Wednesday, 8 March 2017

Agents of SHIELD - 'Lockup' and 'The Good Samaritan'

Man, my annual performance review doesn't seem so bad now.
And lo, we have reached the point in the series where I am no longer driven to review each episode of Agents of SHIELD as they come.

Not that Season 4 is going badly so far. In this pair of episodes, Robbie Reyes joins the SHIELD team to rescue his Uncle from prison and find out what was going on at the energy lab. In 'Lockup' they engineer a jailbreak, but run into complications when the ghosts who are also going after Uncle Eli release the prisoners and Daisy decides to sacrifice herself to fight off a wave of them. Ultimately everyone gets out, but unfortunately the Rider pushes Robbie to enact vengeance on an imprisoned former gangbanger, and while he is distracted Eli is grabbed by ghost lady(1).

"Did someone get the Ghost Rider near the guilty people again?"
Elsewhere, Simmons has her lie detector test and is then assigned to prompt Director Mace during a televised bitch-off with Senator Inhuman-Hater, during which he opts to go off book and out himself as an Inhuman. He then tasks Simmons with a super-secret mission of secretness.

Moving into 'The Good Samaritan', Daisy brings Gabriel aboard the Zephyr for safety and, as Mace boards the plane via Quinjet to search for Daisy and Robbie, Robbie reveals the truth of what happened. He and Gabriel were attacked while driving Eli's car. Gabriel was shot and trapped under the car, crippling his legs, but Robbie was thrown clear. He was killed when he hit the road, but before that begged for any power in the universe to protect his brother. Gabriel saw a 'good Samaritan' on a motorbike stop and help them, but Robbie saw the Devil come to him and offer him life and revenge, although the figure in his flashbacks looks like another Ghost Rider. Gabriel is horrified and refuses to let the Rider's murders be for his sake. Mace searches the plane and finds his fugitives in the containment unit. Coulson argues for the need to stop the ghosts and the necessity of using Robbie and the Rider for that. Mace rejects his case, but then Robbie breaks out of the inescapable(2) containment unit by going all flame head and beats the snot out of Mace before Gabriel can calm him down.

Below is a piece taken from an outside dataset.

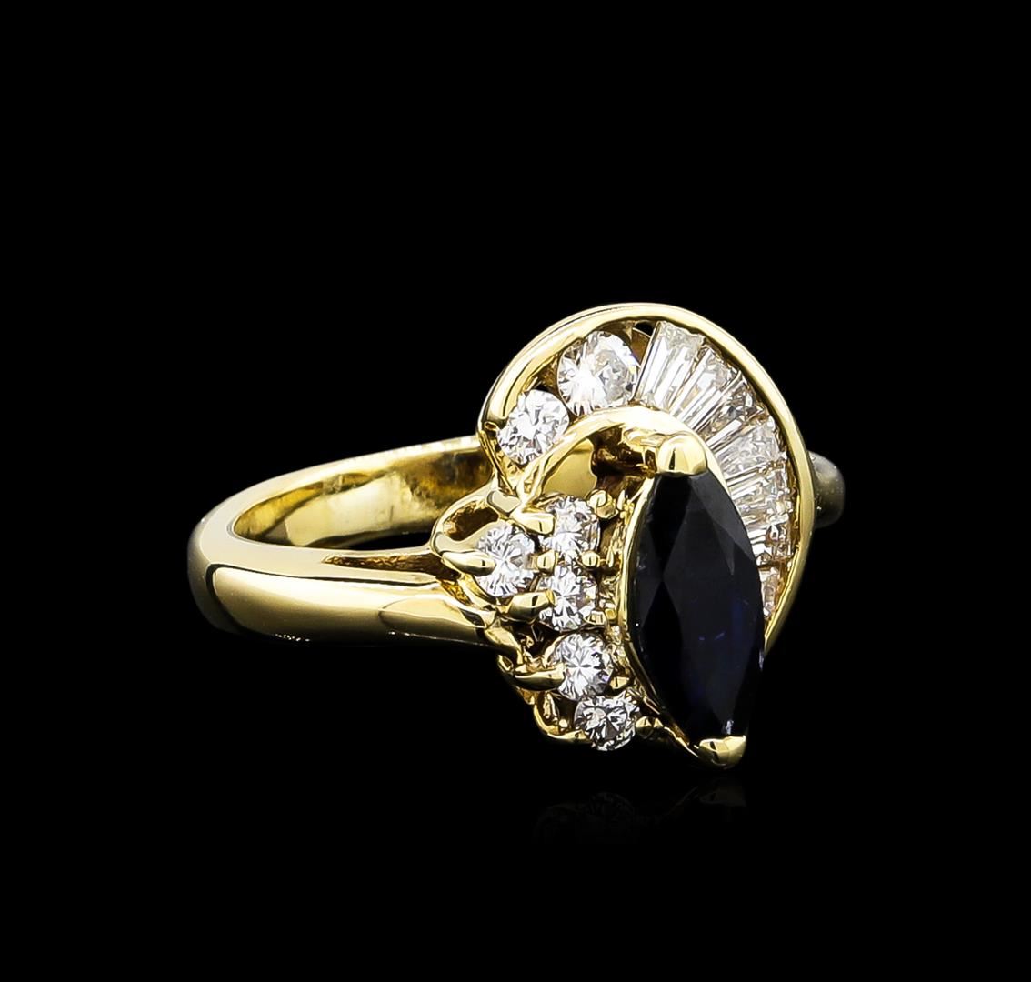 One ring featuring: 14KT yellow gold weighing 4.62 grams containing one blue sapphire with a total weight of 1.00ct and side diamonds with a total weight of 0.65ct.
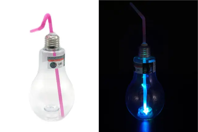 LED Party kozarec za pitje “žarnica”, 400 ml Menjava barve, 3x LED Material: Plastika Vtičnica: srebrna Baterije: 3xAG10 (priložene)

The Devil! Men! GOD! (Symbolic horse.)
Meanwhile, Eli is also flashing back to the original experiments, which were essentially attempting to make a replicator like I Star Trek, creating matter out of energy. With the help of the Darkhold, the team made some progress, although Eli noted with some concern that the resulting set up ends up with more energy than it started with, in violation of physical law. Eli tried to get a look at the book, but the scientist who brought it in (Mr Ghostlady) was all 'the Precious is mine!' about it.

Fitz discovers a link between the work Eli and his colleagues were doing and Isodyne's zero matter research in the 40s. The team put down and Robbie confronts Ghostlady, who tells him that the hit her husband ordered was supposed to get Eli and not his nephews, and is then as surprised as any of her cohorts when Robbie can fight her. Coulson gets to Eli, but it turns out that it was Eli who pushed the experiments to the extreme and ended up atomising his colleagues in the quest to grant himself the power of a god, having become effectively the new Prophet of Dark Force, much as Witney Frost was, but without the Oscar nominations.
 
"Well, that's not good."
Eli activates the reconstructed test rig with himself in the chamber. A blast rips through the facility, catching Coulson and Robbie, and Eli emerges with a ball of Dark Force to play with.

The Ghost Rider arc is one of the more interesting in the run of Agents of SHIELD – I reserve the right to weep if Robbie, who is certainly more interesting than the Cage version of Johnny Blaze, dies to save Daisy – and of course is timed to tie into the introduction of the mystic in Doctor Strange. Unfortunately, by tying it into the Dark Force, it just reminds me of the Zero Matter storyline and, with the best will in the world, Agents of SHIELD is never going to do itself any favours by reminding me that I am not watching the vastly superior Agent Carter. What I do like so far is Director Mace, who appears to be a sort of bumbling, politically progressive boss with his folksy mottos and 'spectrum of security', was revealed to be a massively powerful Inhuman brick, and now turns out to be nowt so daft as he's cabbage looking. It makes him a complicated obstacle for the team to negotiate, even if he never becomes a direct antagonist, and I hope that he won't.

(1) It might be my failure that I can't remember the names of characters in this series, but then again it might be the show failing to communicate the name or make me care.

(2) Except for that one time when Marc Dacascos broke out of one.